DNAinfo Reporter/Producer

MANHATTAN — Looking for an apartment? Expect to pay more when you find one, if you can find one.

A Citi Habitats brokerage firm report for the second quarter of 2011 shows that rents in Manhattan have increased 10.1 percent compared with the same quarter last year. The average rent for a one-bedroom apartment is $2,672, up 9.2 percent over last year. A two-bedroom apartment is $3,757, up 10.8 percent. Citi Habitats stats include rent-controlled units.

Renters looking for a three-bedroom apartment will have to shell out more cash. The biggest rent increases were three-bedroom apartments, up 11.3 percent, to $4,985.

The SoHo and Tribeca neighborhoods showed the highest average rents in Manhattan, according to Citi Habitats, with studios going for $2,420 and $8,465 for a three-bedroom.

Low availability of units also helped to push rents up. Manhattan vacancies dropped to 0.72 percent in the second quarter. Citi Habitats says that's the lowest vacancy rate on record since they started tracking those rates in 2002.

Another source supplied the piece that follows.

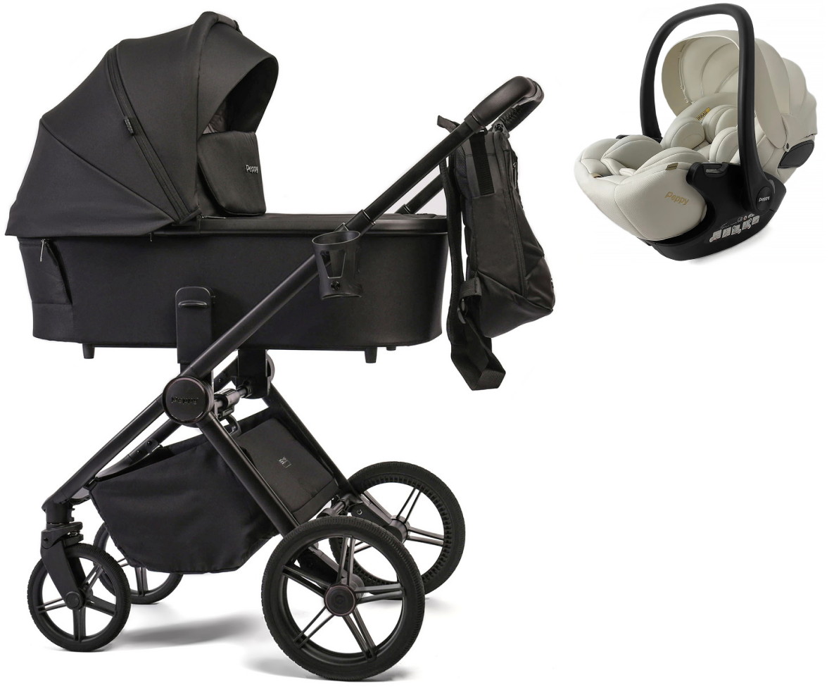 Детская коляска Peppy Monaco 3 в 1 с автокреслом Verona Beige Black (черный), рама черная матовая

"What you're seeing is intense demand with very little supply on the market," Gary Malin, president of Citi Habitats, told the Wall Street Journal.

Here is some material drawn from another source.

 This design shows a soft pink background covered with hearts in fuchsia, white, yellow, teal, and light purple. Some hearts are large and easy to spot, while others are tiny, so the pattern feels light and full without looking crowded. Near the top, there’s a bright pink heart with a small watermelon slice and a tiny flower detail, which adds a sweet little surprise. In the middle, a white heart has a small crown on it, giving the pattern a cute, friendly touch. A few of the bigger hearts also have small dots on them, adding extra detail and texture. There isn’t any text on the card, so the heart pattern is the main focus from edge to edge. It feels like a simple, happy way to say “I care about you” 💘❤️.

Another factor in the rent increases are concessions, commonplace during the recession, have dried up. Many landlords are not offering those concessions, and in some cases creating bidding wars for units, the paper said.

Concessions, like a month's free rent or payment of brokerage fees have largely disappeared, with 11 percent of transactions in June including some type of concession, about half of what it was in 2010, the Citi Habitats report says.

In contrast, during the recession in 2009, 60 percent of all Manhattan rental transactions included a landlord concession.

A separate report from Prudential Douglas Elliman shows a slightly brighter picture than Citi Habitat, showing a 3.5 percent increase in the second quarter. Its data says the average New Yorker is paying $3,455 a month, the report said.

A Reis Inc. report released on Thursday says that New York led the nation on average in rents in the second quarter, Journal reported.